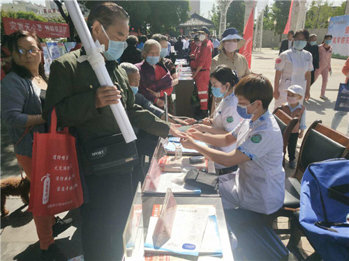 义诊现场,急诊科主治医师杨涛、王海龙及医护人员对市民进行外伤急救包扎、心肺复苏、海姆立克等急救操作演示及要点讲解,同时发放宣传资料,围观群众学习热情高涨,积极上前学习操作手法。现场糖尿病小组还对群众进行测量血糖、血压,并进行糖尿病知识及健康宣教。
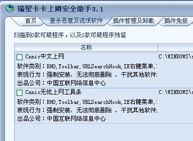 我用瑞星卡卡上网安全助手3.1.0.12,查出的的电脑有流氓软件,删除并重起了几次,也删除不掉。。。
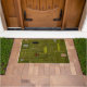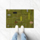 Esta porta tem uma design moderna do século médio de retângulos em verde, cinza, marrom e preto.
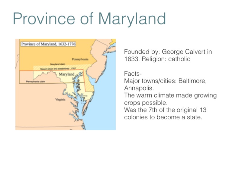 Founded by: George Calvert in 1633. Religion: catholic
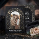 Lassen Sie sich von diesem außergewöhnlichen Foto verzaubern, das Sie mit Romantik und Charme verzaubern wird! Vom ersten Blick aus zeigt es Ihre Liebe auf die bezauberndste Art und Weise. Ihr liebstes Foto - vielleicht diese perfekte Verlobung - gerahmt von einem Mitternachtshimmel, der mit goldenen Sternen, einem leuchtenden Mond und traumhaften Planeten bestreut ist, die alle in Form eines mystischen Bogens eingewickelt sind. Es ist wie das Öffnen des Titelbildes eines Märchens, in dem Ihre Liebe wirklich "Geschrieben in den Sternen" ist. Diese Einladung ist mehr als nur wunderschön; sie fängt die skurrile, sternige Magie Ihres großen Tages auf eine Weise ein, die niemand vergessen wird!
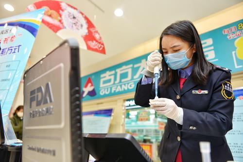 監(jiān)管人員對(duì)保健食品進(jìn)行快速檢測(cè)。
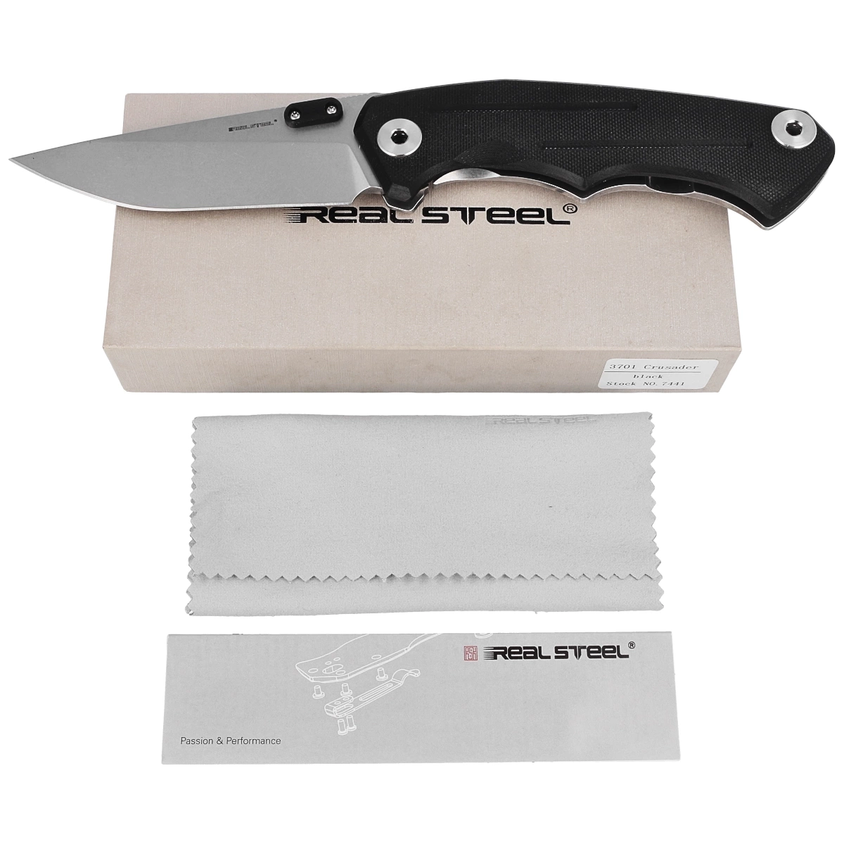 - Crusader Black G10, Stonewashed large EDC folding knife, the result of a collaboration between Polish designer Jakub Wieczorkiewicz (Poltergeist Works) and RealSteel Knives. Handle made of G10, 14C28N stainless steel. A strong tool for everyday use!
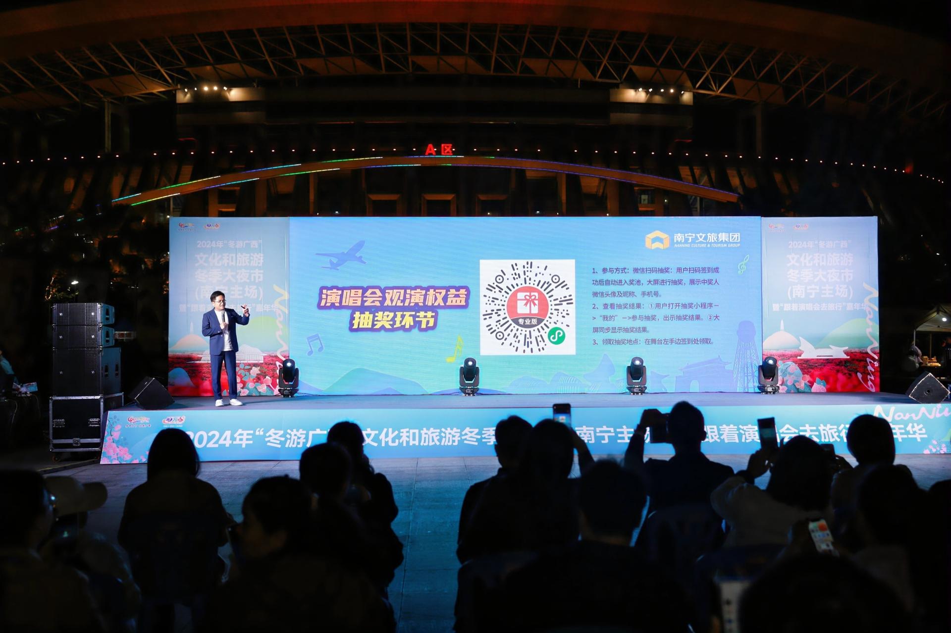 隨著演唱會(huì)經(jīng)濟(jì)市場(chǎng)持續(xù)繁榮,“為一場(chǎng)演出而奔赴一座城”已成為撬動(dòng)城市文旅消費(fèi)的“金鑰匙”。為提振歲末年初文旅消費(fèi)市場(chǎng),全方位展示廣西和南寧特色的民族文化品牌形象,以周深演唱會(huì)為契機(jī),由廣西壯族自治區(qū)文化和旅游廳、南寧市人民政府主辦,南寧市文化廣電體育和旅游局、商務(wù)局以及良慶區(qū)人民政府承辦,良慶區(qū)文化廣電體育和旅游局、南寧威寧文化體育發(fā)展有限公司協(xié)辦的2024年“冬游廣西”文化和旅游冬季大夜市(南寧主場(chǎng))暨“跟著演唱會(huì)去旅行”嘉年華活動(dòng)在廣西體育中心舉行。
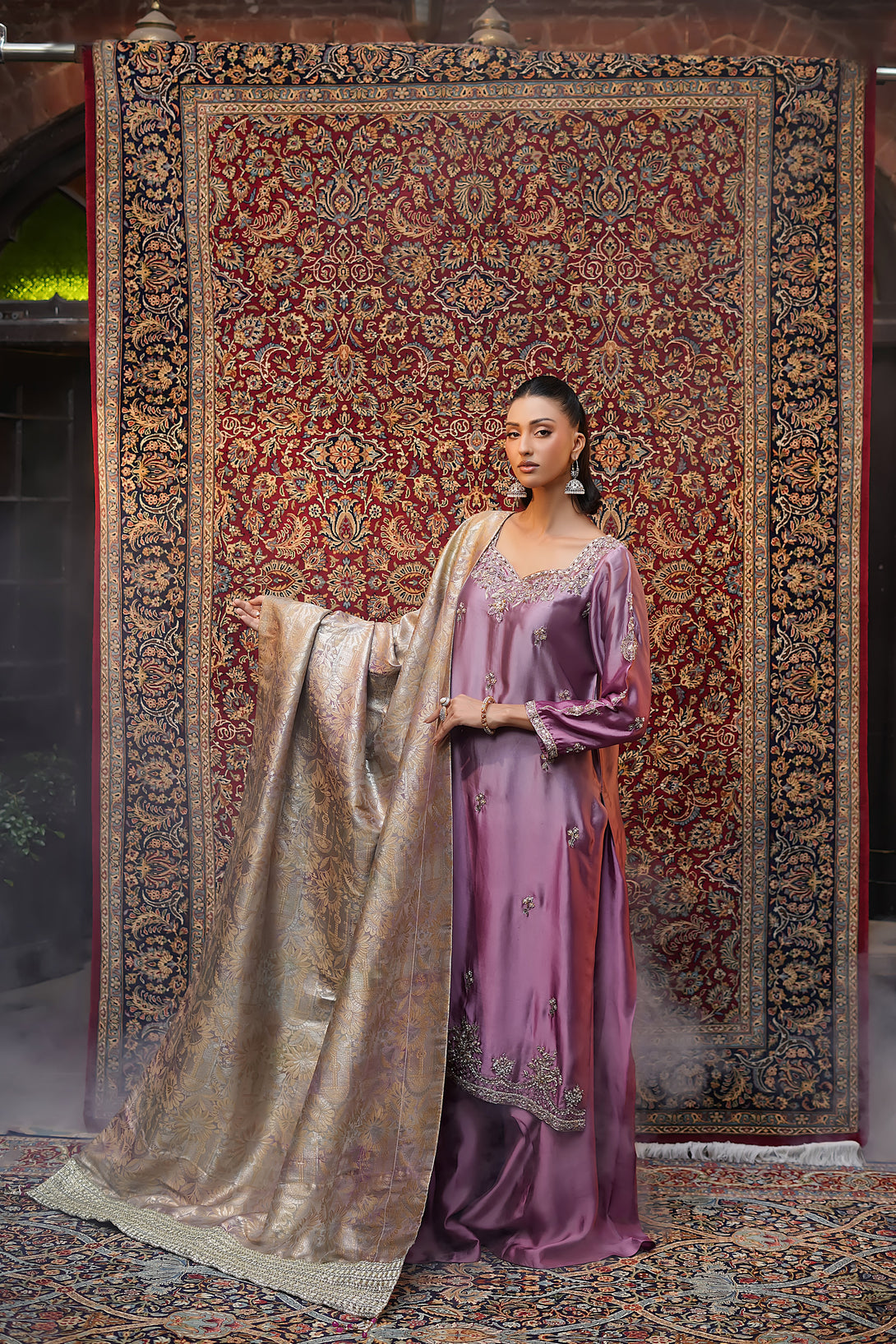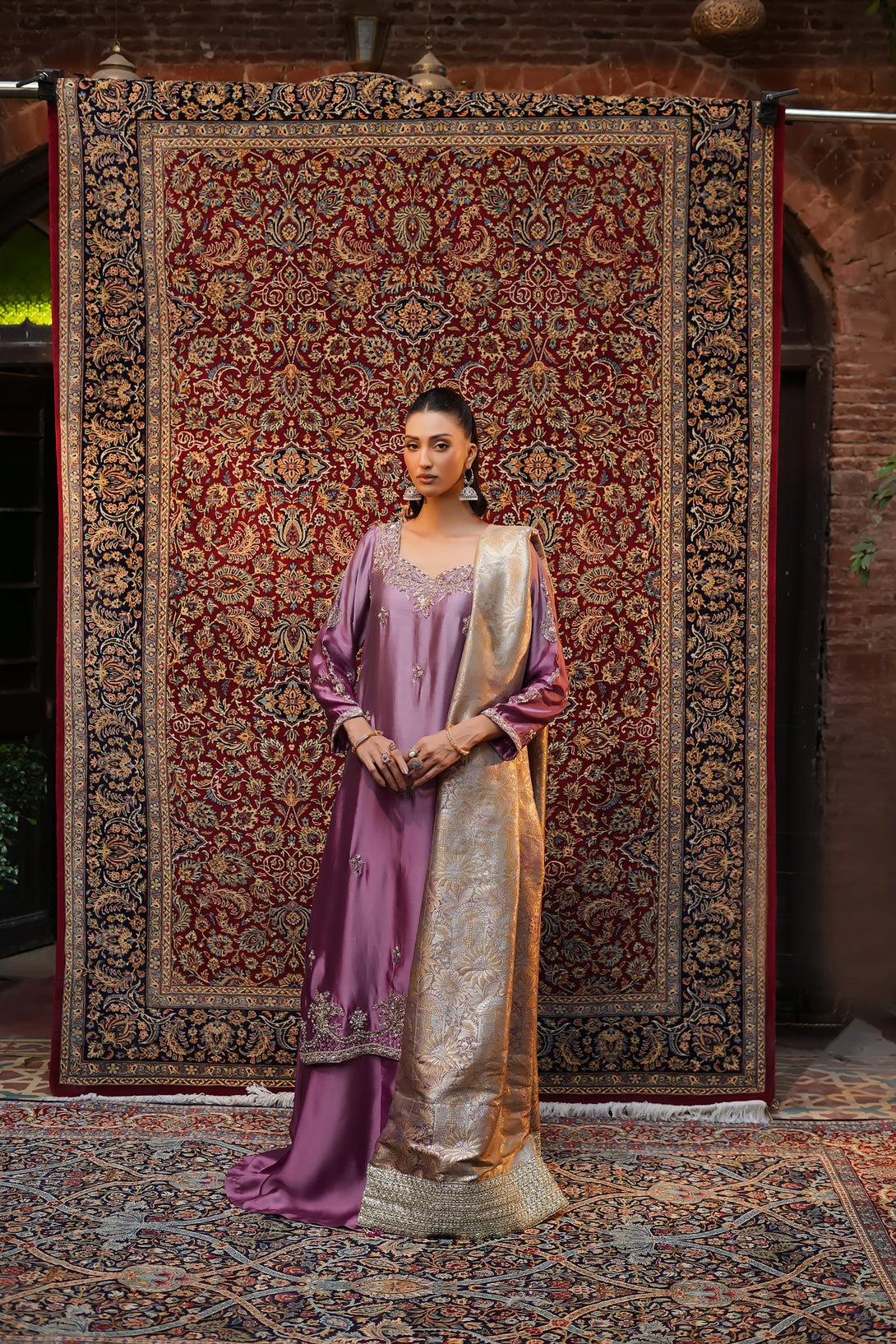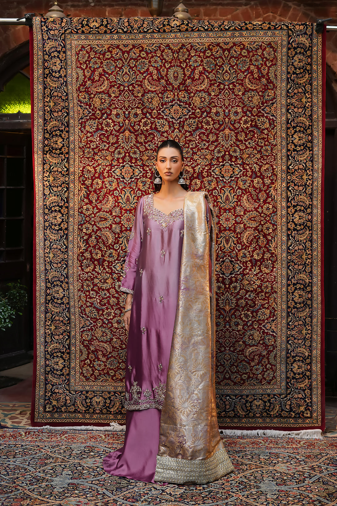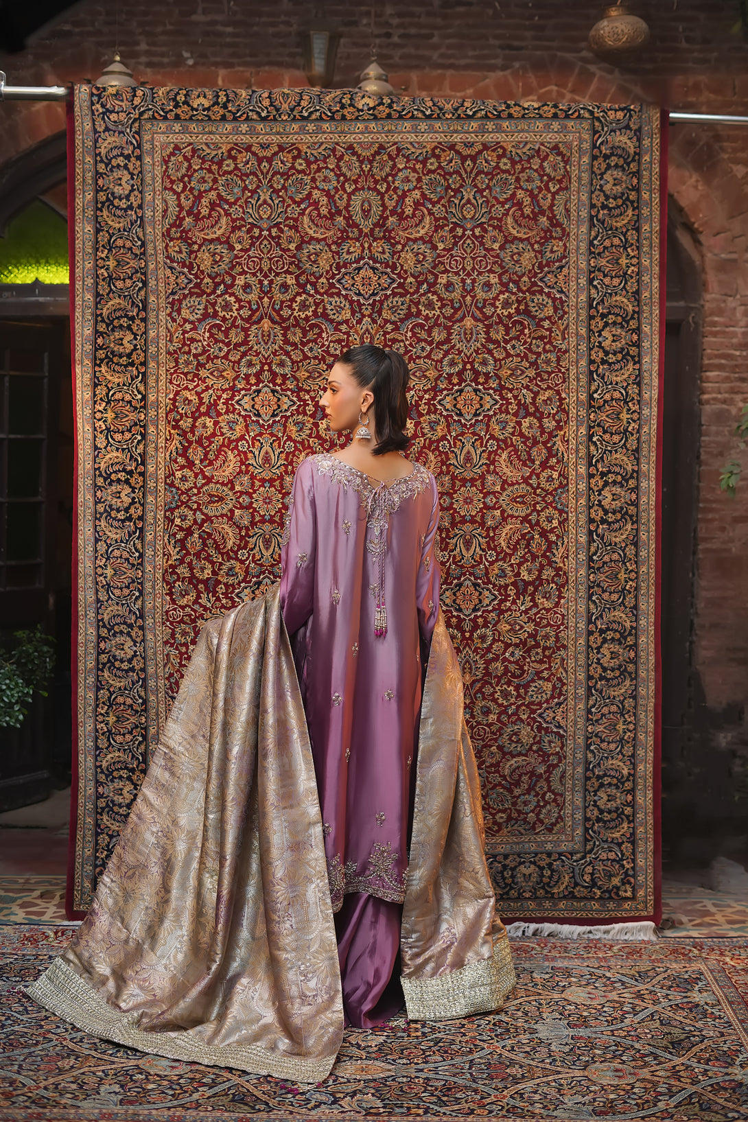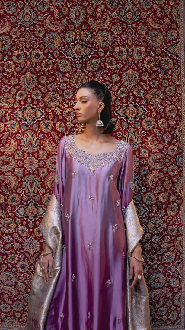 Crafted from pure tissue silk in dreamy ombré lilac tones, this regal ensemble is meticulously hand-embellished by our skilled artisans with Mughal-inspired motifs that evoke a true maharani aura. Paired with box-pleated loose azar pants and a luxurious jamawar shawl adorned with delicate tassels, the look exudes timeless elegance and royal grandeur — a complete festive statement for those who wish to embody sophistication and tradition.
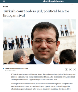 EKATHIMERINI: Türkiye’de bir mahkeme çarşamba günü İBB Başkanı Ekrem İmamoğlu’nu hapis cezasına çarptırdı ve önümüzdeki sene yapılacak seçimlerde Cumhurbaşkanı Tayyip Erdoğan’a karşı güçlü bir rakip olarak görülen muhalif siyasetçiye siyasi yasak getirdi.
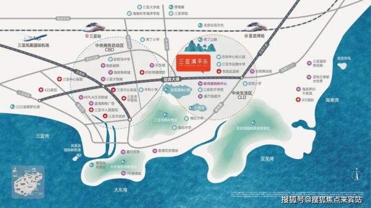 4.【城央规划 璀璨未来】项目位于迎宾路组团,集旅游、休闲、度假、养生、医疗、娱乐六维一体的综合度假区。四湾之上,三亚之心,辐射三亚湾、大东海、亚龙湾、海棠湾。
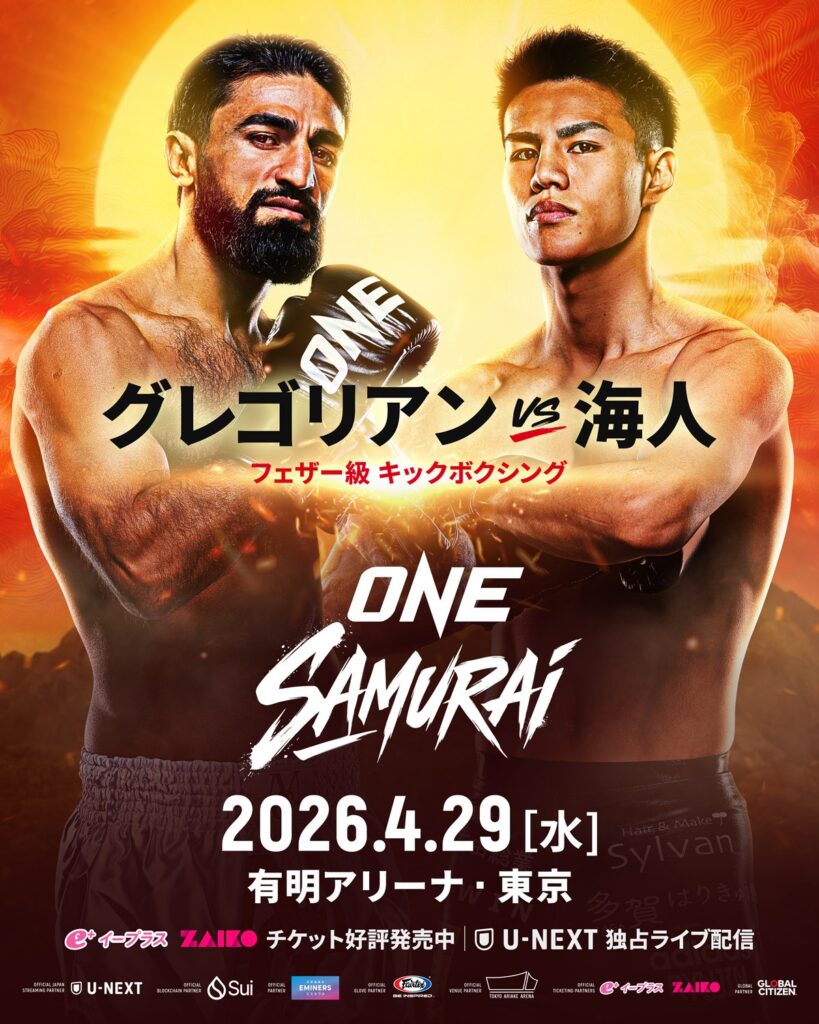 2026年4月29日(水・祝)東京・有明アリーナで開催される『ONE SAMURAI.1』(U-NEXT配信)に、SB世界スーパーウェルター級王者・海人(TEAM FOD)の参戦が発表された。
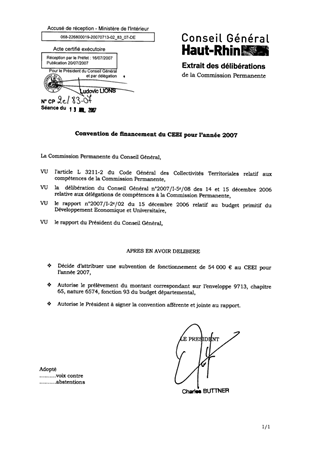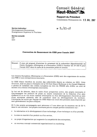 Il vous est proposé d’autoriser le versement de la subvention départementale au Centre Européen d’Entreprise et d’Innovation (CEEI) à hauteur de 54 000 € pour l’année 2007 dans le cadre de la convention jointe en annexe.
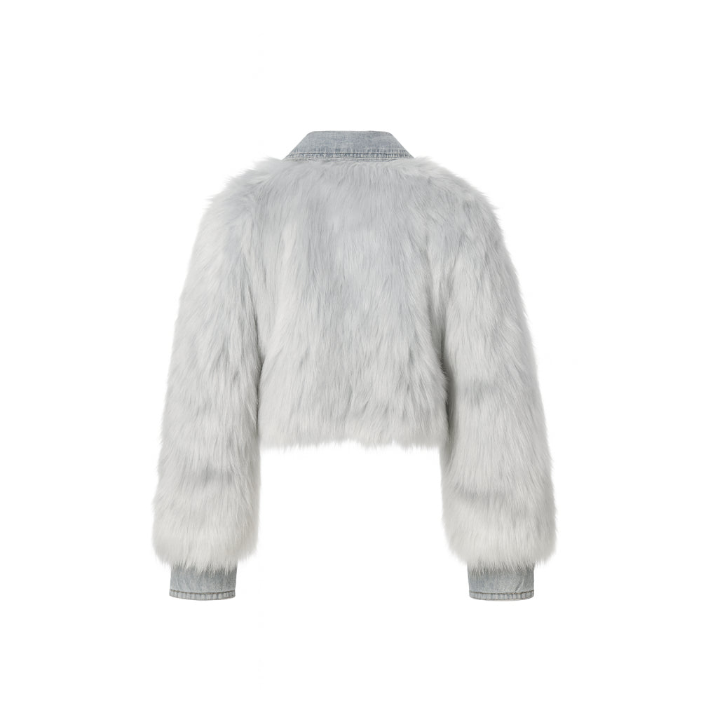 Denimin serin tonu ile yumuşak, kürk etkili dokunun buluşması; sıcaklıkla lüksün şiirini aynı anda fısıldar.
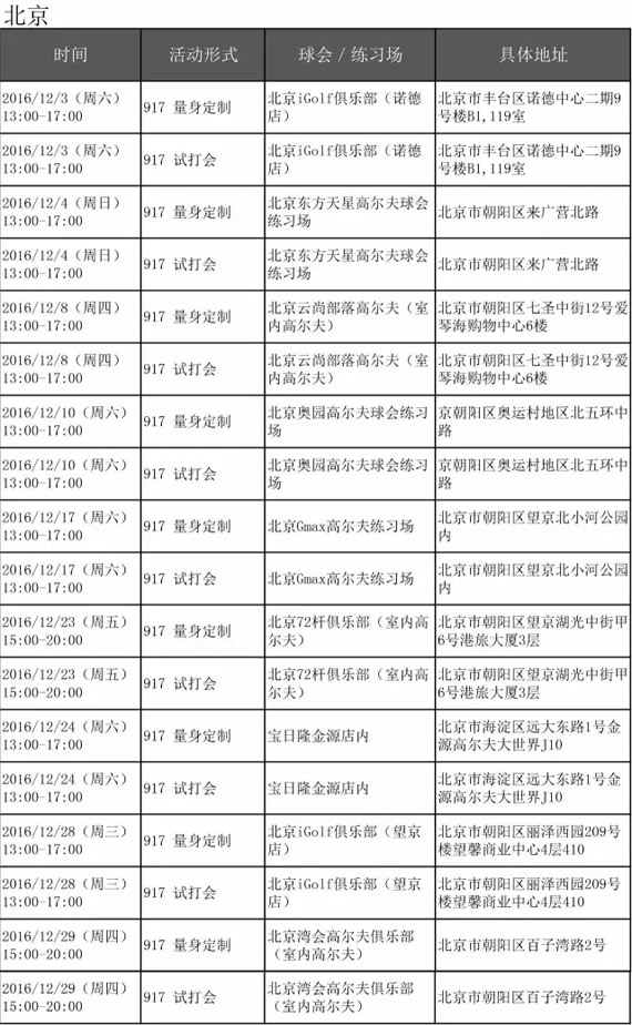 感谢您对 Titleist 产品的支持,以下是我们 2016年12月 各地区的球杆试打体验活动、量身定制及高球优选活动安排,快来预约参与 Titleist 的活动吧!
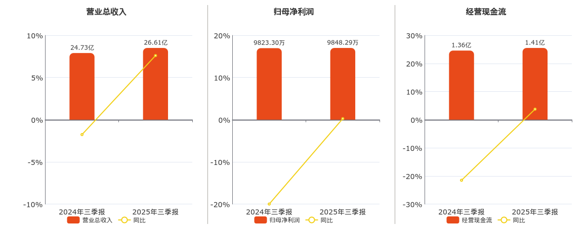 格隆汇10月27日丨五洲新春(603667.SH)发布三季报,2025年前三季度实现营业总收入26.61亿元,同比 增长7.6%;归属母公司股东净利润9848.29万元,同比增长0.25%;基本每股收益为0.27元。 ...
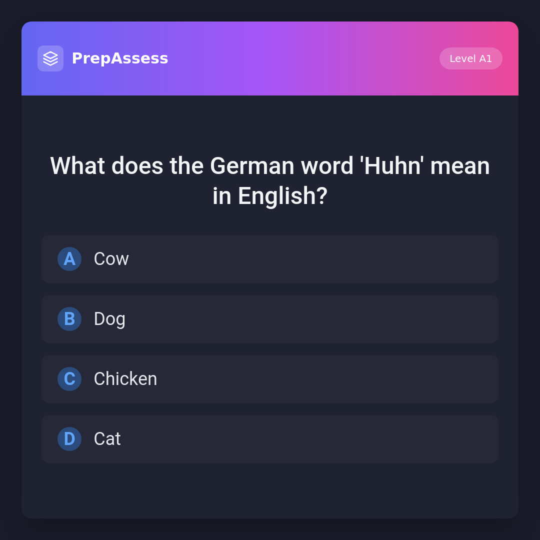 What does the German word 'Huhn' mean in English?

.....

WORK TASK:
Word for word, repeat each line of the records, and leave every image out.

EXPECTED ANSWER:
 义诊现场,急诊科主治医师杨涛、王海龙及医护人员对市民进行外伤急救包扎、心肺复苏、海姆立克等急救操作演示及要点讲解,同时发放宣传资料,围观群众学习热情高涨,积极上前学习操作手法。现场糖尿病小组还对群众进行测量血糖、血压,并进行糖尿病知识及健康宣教。
 我用瑞星卡卡上网安全助手3.1.0.12,查出的的电脑有流氓软件,删除并重起了几次,也删除不掉。。。
 Esta porta tem uma design moderna do século médio de retângulos em verde, cinza, marrom e preto.
 Founded by: George Calvert in 1633. Religion: catholic
 Lassen Sie sich von diesem außergewöhnlichen Foto verzaubern, das Sie mit Romantik und Charme verzaubern wird! Vom ersten Blick aus zeigt es Ihre Liebe auf die bezauberndste Art und Weise. Ihr liebstes Foto - vielleicht diese perfekte Verlobung - gerahmt von einem Mitternachtshimmel, der mit goldenen Sternen, einem leuchtenden Mond und traumhaften Planeten bestreut ist, die alle in Form eines mystischen Bogens eingewickelt sind. Es ist wie das Öffnen des Titelbildes eines Märchens, in dem Ihre Liebe wirklich "Geschrieben in den Sternen" ist. Diese Einladung ist mehr als nur wunderschön; sie fängt die skurrile, sternige Magie Ihres großen Tages auf eine Weise ein, die niemand vergessen wird!
 監(jiān)管人員對(duì)保健食品進(jìn)行快速檢測(cè)。
 - Crusader Black G10, Stonewashed large EDC folding knife, the result of a collaboration between Polish designer Jakub Wieczorkiewicz (Poltergeist Works) and RealSteel Knives. Handle made of G10, 14C28N stainless steel. A strong tool for everyday use!
 隨著演唱會(huì)經(jīng)濟(jì)市場(chǎng)持續(xù)繁榮,“為一場(chǎng)演出而奔赴一座城”已成為撬動(dòng)城市文旅消費(fèi)的“金鑰匙”。為提振歲末年初文旅消費(fèi)市場(chǎng),全方位展示廣西和南寧特色的民族文化品牌形象,以周深演唱會(huì)為契機(jī),由廣西壯族自治區(qū)文化和旅游廳、南寧市人民政府主辦,南寧市文化廣電體育和旅游局、商務(wù)局以及良慶區(qū)人民政府承辦,良慶區(qū)文化廣電體育和旅游局、南寧威寧文化體育發(fā)展有限公司協(xié)辦的2024年“冬游廣西”文化和旅游冬季大夜市(南寧主場(chǎng))暨“跟著演唱會(huì)去旅行”嘉年華活動(dòng)在廣西體育中心舉行。
 Crafted from pure tissue silk in dreamy ombré lilac tones, this regal ensemble is meticulously hand-embellished by our skilled artisans with Mughal-inspired motifs that evoke a true maharani aura. Paired with box-pleated loose azar pants and a luxurious jamawar shawl adorned with delicate tassels, the look exudes timeless elegance and royal grandeur — a complete festive statement for those who wish to embody sophistication and tradition.
 EKATHIMERINI: Türkiye’de bir mahkeme çarşamba günü İBB Başkanı Ekrem İmamoğlu’nu hapis cezasına çarptırdı ve önümüzdeki sene yapılacak seçimlerde Cumhurbaşkanı Tayyip Erdoğan’a karşı güçlü bir rakip olarak görülen muhalif siyasetçiye siyasi yasak getirdi.
 4.【城央规划 璀璨未来】项目位于迎宾路组团,集旅游、休闲、度假、养生、医疗、娱乐六维一体的综合度假区。四湾之上,三亚之心,辐射三亚湾、大东海、亚龙湾、海棠湾。
 2026年4月29日(水・祝)東京・有明アリーナで開催される『ONE SAMURAI.1』(U-NEXT配信)に、SB世界スーパーウェルター級王者・海人(TEAM FOD)の参戦が発表された。
 Il vous est proposé d’autoriser le versement de la subvention départementale au Centre Européen d’Entreprise et d’Innovation (CEEI) à hauteur de 54 000 € pour l’année 2007 dans le cadre de la convention jointe en annexe.
 Denimin serin tonu ile yumuşak, kürk etkili dokunun buluşması; sıcaklıkla lüksün şiirini aynı anda fısıldar.
 感谢您对 Titleist 产品的支持,以下是我们 2016年12月 各地区的球杆试打体验活动、量身定制及高球优选活动安排,快来预约参与 Titleist 的活动吧!
 格隆汇10月27日丨五洲新春(603667.SH)发布三季报,2025年前三季度实现营业总收入26.61亿元,同比 增长7.6%;归属母公司股东净利润9848.29万元,同比增长0.25%;基本每股收益为0.27元。 ...
 What does the German word 'Huhn' mean in English?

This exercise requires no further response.